*** AVAILABLE DATA ***

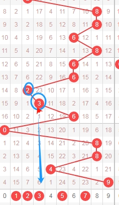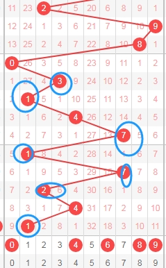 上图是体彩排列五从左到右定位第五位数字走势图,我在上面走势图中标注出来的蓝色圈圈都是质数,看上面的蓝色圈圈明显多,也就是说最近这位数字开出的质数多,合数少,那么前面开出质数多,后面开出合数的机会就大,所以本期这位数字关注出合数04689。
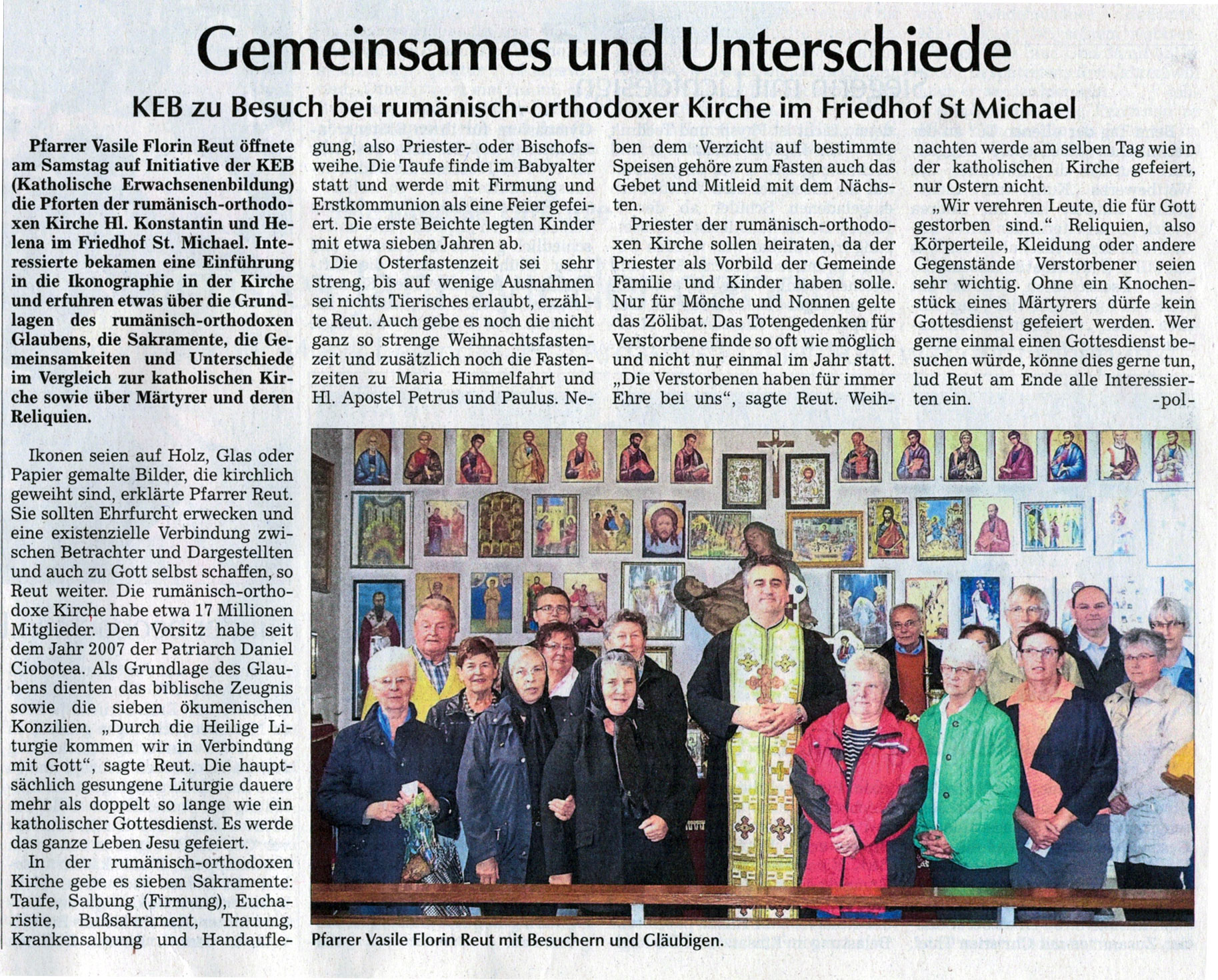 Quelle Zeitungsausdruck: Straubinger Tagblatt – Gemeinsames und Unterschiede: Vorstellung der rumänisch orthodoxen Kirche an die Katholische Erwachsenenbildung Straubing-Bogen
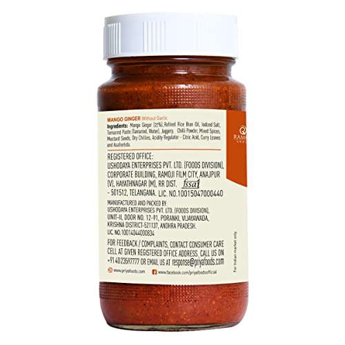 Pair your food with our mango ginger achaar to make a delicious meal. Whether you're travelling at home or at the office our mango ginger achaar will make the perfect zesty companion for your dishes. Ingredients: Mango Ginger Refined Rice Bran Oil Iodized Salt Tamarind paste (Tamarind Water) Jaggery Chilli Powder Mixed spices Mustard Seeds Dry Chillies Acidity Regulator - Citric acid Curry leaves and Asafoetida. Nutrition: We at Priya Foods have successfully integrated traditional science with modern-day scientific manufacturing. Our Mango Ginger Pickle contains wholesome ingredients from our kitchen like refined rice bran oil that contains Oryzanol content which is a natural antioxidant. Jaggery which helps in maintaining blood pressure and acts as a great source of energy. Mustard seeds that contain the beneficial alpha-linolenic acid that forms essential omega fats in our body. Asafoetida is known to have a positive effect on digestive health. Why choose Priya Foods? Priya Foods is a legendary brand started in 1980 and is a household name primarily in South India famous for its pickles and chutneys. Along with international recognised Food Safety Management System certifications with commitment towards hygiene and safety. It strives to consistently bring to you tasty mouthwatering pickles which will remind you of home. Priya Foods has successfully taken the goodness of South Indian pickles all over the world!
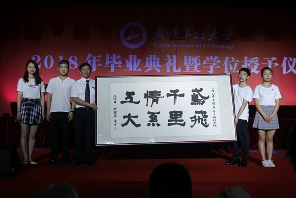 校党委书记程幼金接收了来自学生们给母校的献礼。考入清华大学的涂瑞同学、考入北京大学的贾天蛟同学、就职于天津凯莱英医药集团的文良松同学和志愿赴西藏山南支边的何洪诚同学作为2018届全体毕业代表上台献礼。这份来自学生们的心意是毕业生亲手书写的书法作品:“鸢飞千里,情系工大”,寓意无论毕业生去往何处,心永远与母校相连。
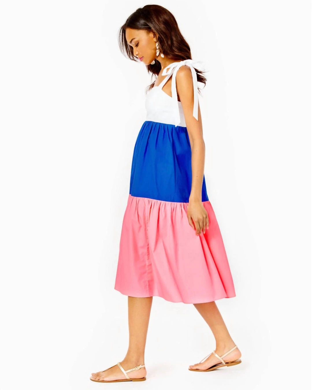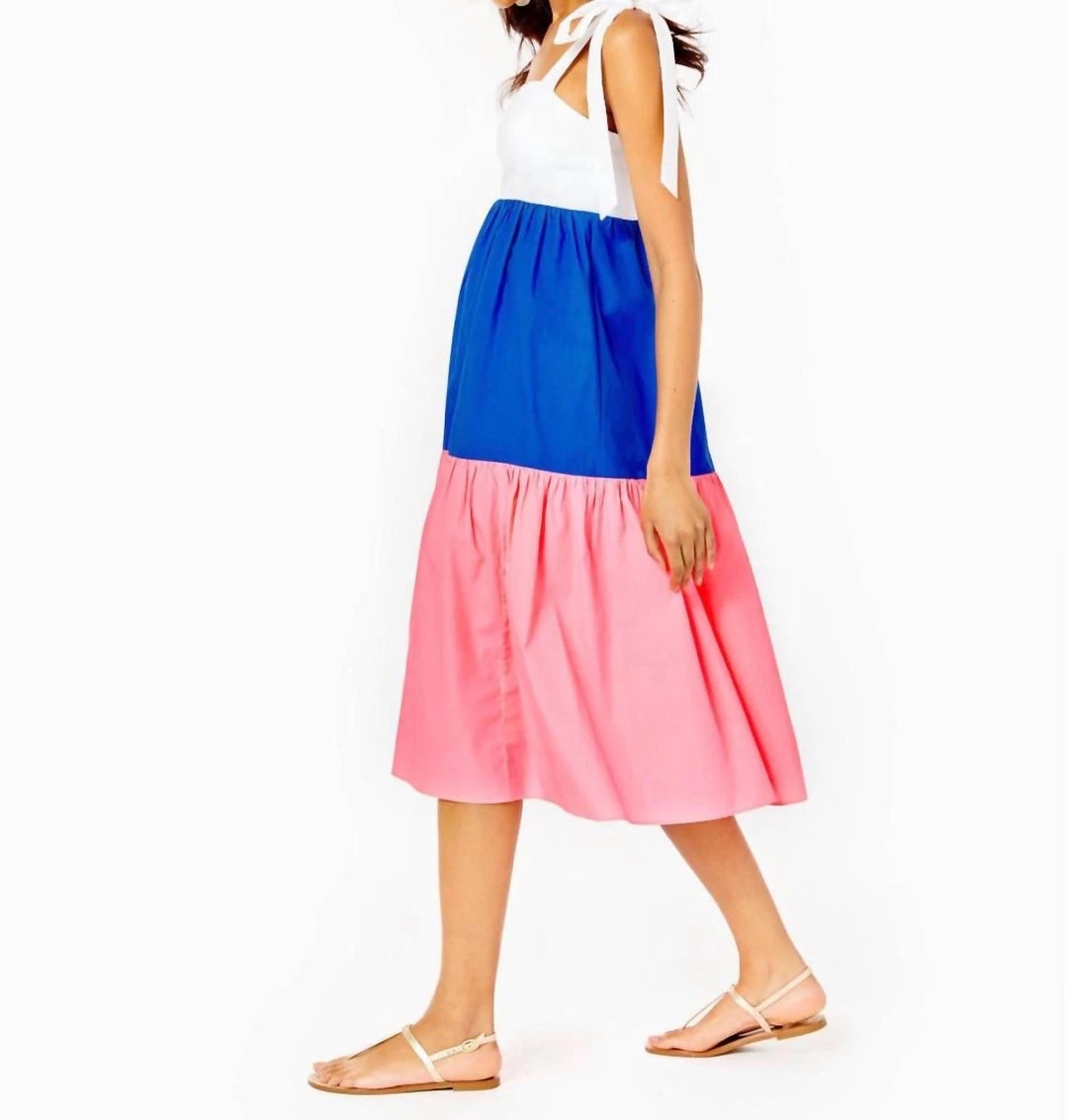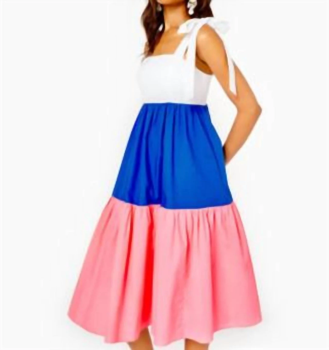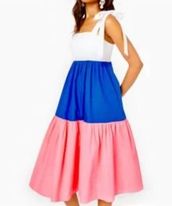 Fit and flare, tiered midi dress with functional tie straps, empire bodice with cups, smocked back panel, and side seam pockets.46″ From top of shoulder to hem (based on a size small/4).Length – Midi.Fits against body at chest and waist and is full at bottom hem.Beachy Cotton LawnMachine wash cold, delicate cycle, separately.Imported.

*** End of AVAILABLE DATA ***

- EXERCISE DIRECTIONS
Give back, unaltered, each line of the listing from the first to the line that contains "Quelle Zeitungsausdruck: Straubinger", leaving every picture out.

- YOUR SOLUTION
 上图是体彩排列五从左到右定位第五位数字走势图,我在上面走势图中标注出来的蓝色圈圈都是质数,看上面的蓝色圈圈明显多,也就是说最近这位数字开出的质数多,合数少,那么前面开出质数多,后面开出合数的机会就大,所以本期这位数字关注出合数04689。
 Quelle Zeitungsausdruck: Straubinger Tagblatt – Gemeinsames und Unterschiede: Vorstellung der rumänisch orthodoxen Kirche an die Katholische Erwachsenenbildung Straubing-Bogen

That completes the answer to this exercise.